About this task: From the first line of the data down to and including the line with "STUBAI Stechbeitel mit", copy everything exactly, leaving out pictures.

Recorded information:
__________

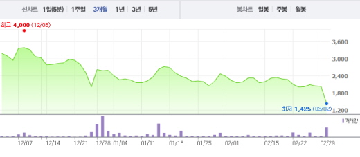 이에 플렉스컴 일부 주주들은 하경태 플렉스컴 대표와 박동혁 경영지배인을 대상으로 자본시장법위반(부정거래행위), 업무상 횡령, 업무상 배임 등으로 수원지방검찰청 성남지청에 고발장을 접수했다.플렉스컴 주가흐름<사진출처=네이버 캡쳐>
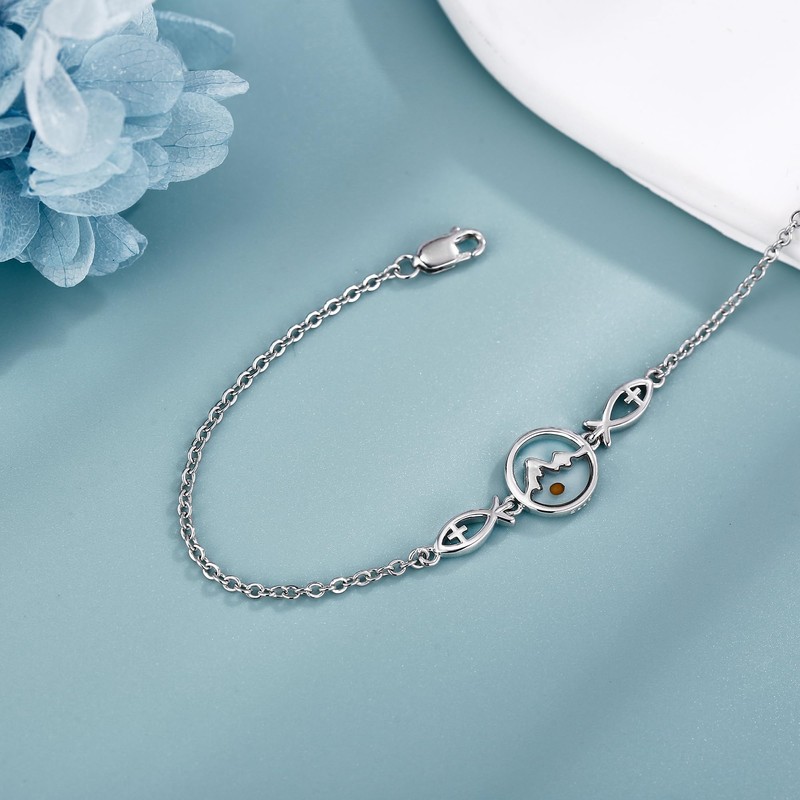 HUKKUN Mustard Seed Bracelet 925 Sterling Silver Mustard Seed Bracelets for Women Jesus Fish Christian Religious Jewelry Gifts for Women
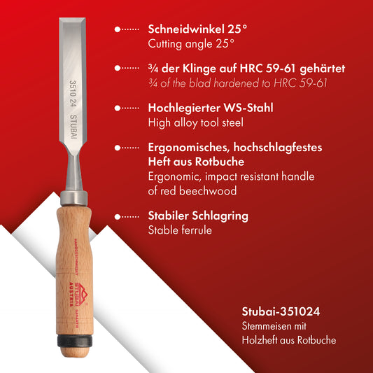 STUBAI Stechbeitel mit Holzgriff aus Rotbuche, Ø 24 mm, Stemmeisen zur präzisen Bearbeitung von Holz hochwertiges Werkzeug für Schreiner Tischler Heimwerker
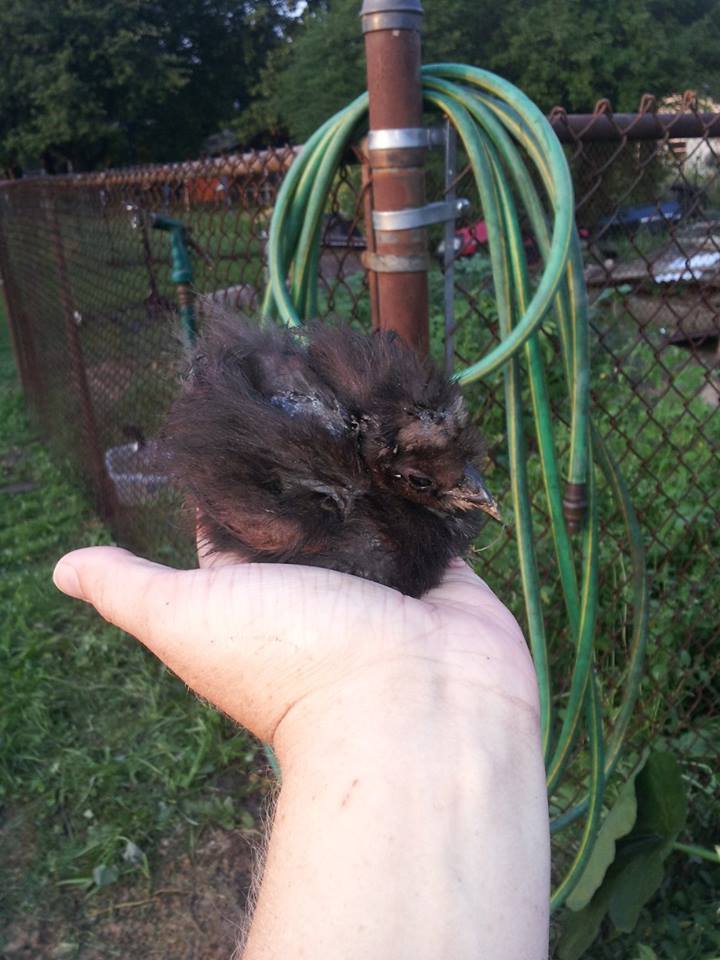 My Poor Poor pathetic little "Sly".... it is/was literally 1/2 the size of the other silkies and it was being picked on..... I said I didnt care if it was a boy or girl that I wanted it (just so i could take it home and spoil it and not let this poor chick get bullied. I brought another from the same group home... but it is camera shy.

__________

Response box:
 이에 플렉스컴 일부 주주들은 하경태 플렉스컴 대표와 박동혁 경영지배인을 대상으로 자본시장법위반(부정거래행위), 업무상 횡령, 업무상 배임 등으로 수원지방검찰청 성남지청에 고발장을 접수했다.플렉스컴 주가흐름<사진출처=네이버 캡쳐>
 HUKKUN Mustard Seed Bracelet 925 Sterling Silver Mustard Seed Bracelets for Women Jesus Fish Christian Religious Jewelry Gifts for Women
 STUBAI Stechbeitel mit Holzgriff aus Rotbuche, Ø 24 mm, Stemmeisen zur präzisen Bearbeitung von Holz hochwertiges Werkzeug für Schreiner Tischler Heimwerker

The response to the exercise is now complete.